Up and up the giant trees rose, tops lost in the clouds before any side branch was to be seen. As Regeane had, she turned wolf in the shallows and started downstream, letting the silence soak into her. Unlike most humans, she did not habitually think in words. In her world, among wind-blown forests near the sea’s margins where she had been born, the word was used to amplify the unending communication of the flexible dance of life over the body. She had not known or needed words when she lived among the wolves, or even after she fought and killed the dire wolf. After Gu came, she had not needed to speak to them or him. So she respected the silence and it brought her news.

The morning wind was tearing to ragged shreds the high mist that concealed the upper portions of the trees. The forest whispered, then spoke aloud to the changing air.
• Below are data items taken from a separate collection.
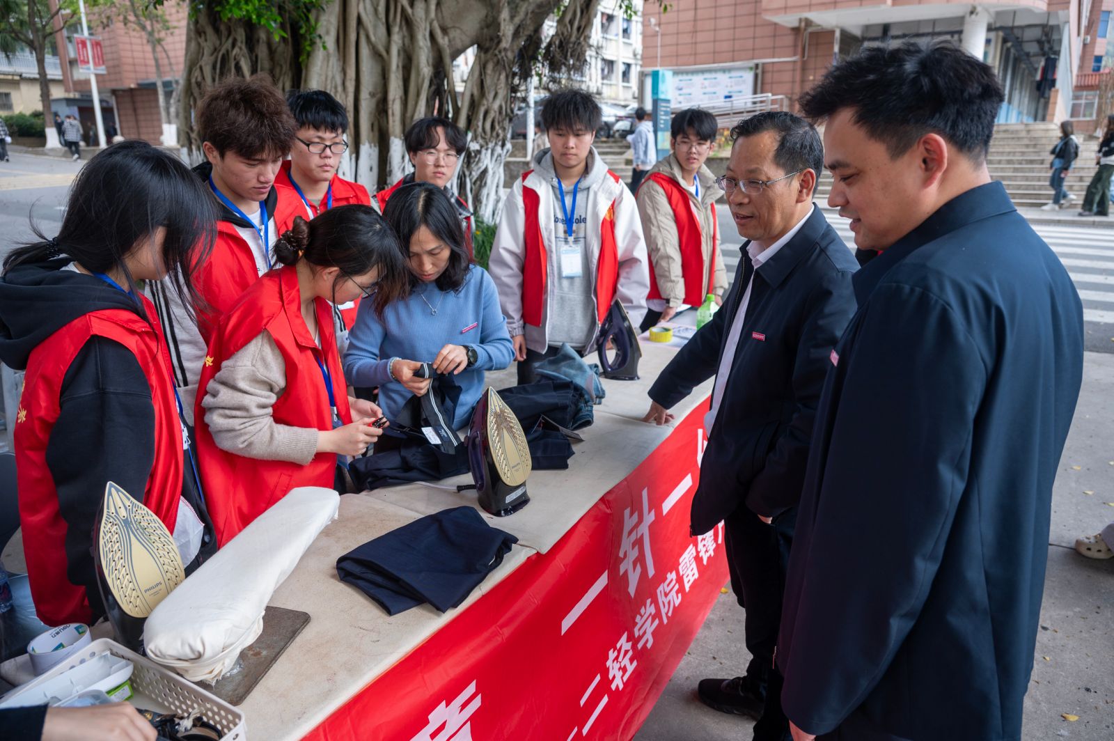 为弘扬新时代雷锋精神,倡导勤俭节约、互助友爱的校园文明风尚,二轻学院于3月18日、25日下午,在耕读广场分两期开展“‘衣’旧情深”温暖驿站志愿服务活动,为师生提供衣物缝补、熨烫等便民服务。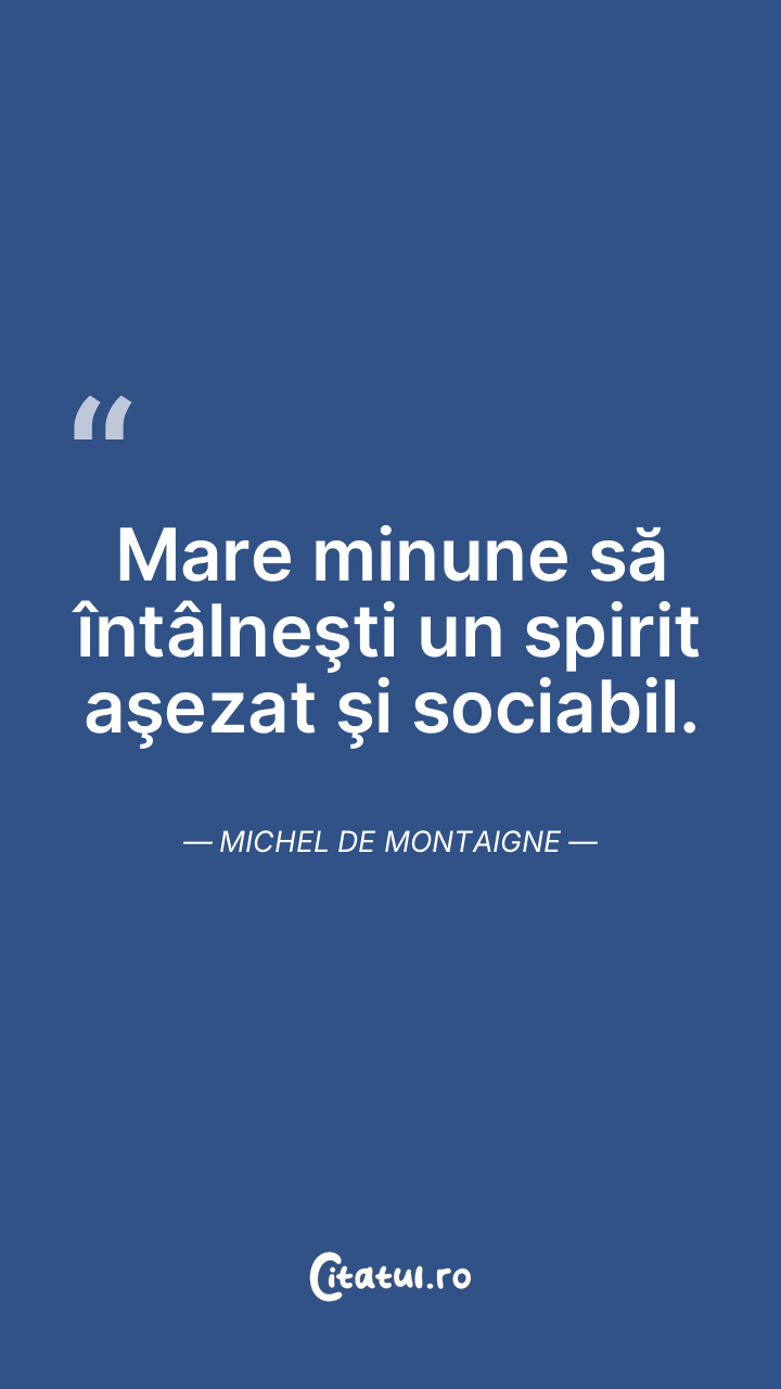 Mare minune să întâlneşti un spirit aşezat şi sociabil. Michel de Montaigne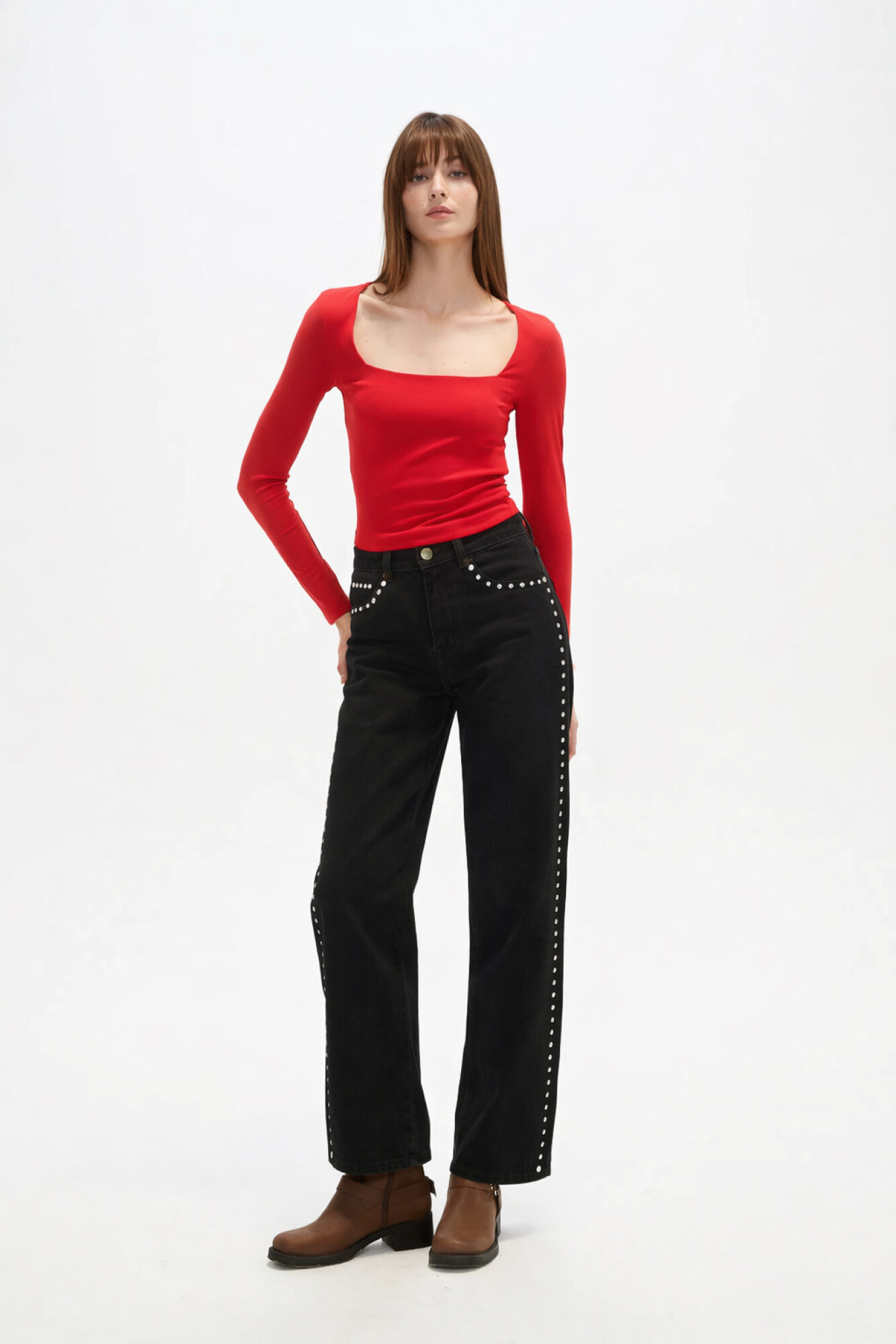 $ 543 Nuevos Recibilo en Remera manga larga de poliester, al cuerpo y cuello cuadrado

The silver-barked trees moved, clattering a little as their meshed branches on the umbrella like tops struck each other lightly, the sound a timpani of life and delight.

Another night is over.

It is morning.

The splashing of the black wolf’s feet in the water spoke whole volumes of haste, urgency. The questions of mobile living things.

She was here.

But she is gone.

She ate a… shimmer.

But no harm done.

Among the misty isles of trees, drops of condensation from the night mist fell like rain, slaking the thirst of the ferns and even more primitive plants that hung from holdfasts on the tree bark or nested in the soil caught between the armor like roots that covered the soil with no openings between them.

A tree died the day she came.

We… mourn.

A vast sigh.

We… mourn.

She left us at the lake.

Shimmer
. And the scarlet birds danced over the water.

Or were they birds?

Skimmer
. The forest spoke.
Four foot. Two foot
.

Matrona recognized her own name.

Two foot. Four foot.

Our beloved daughter of silence.

I will go beyond the lake. I must find her.

Strange thought… speed. Hurry…
the trees mused.

Matrona picked up her pace.

She is in the water. We hear her. Footsteps. She ate the shimmer…fruit, cress… took part of us into herself. She will return.

Maeniel didn’t follow the river as Regeane had. He knew of a Roman road. It led, as most Roman roads did, straight across the marsh and made travel very easy.

Disgusted with himself for allowing his own capture and imprisonment, he set a fast pace, wanting to return to the king as quickly as possible. Regeane was hard put to keep up and she knew he must still be angry with her about their argument the night before. Though they seemed reconciled, she felt the quarrel wasn’t really over. He wouldn’t yield one inch to her, and she continued to feel wronged by him.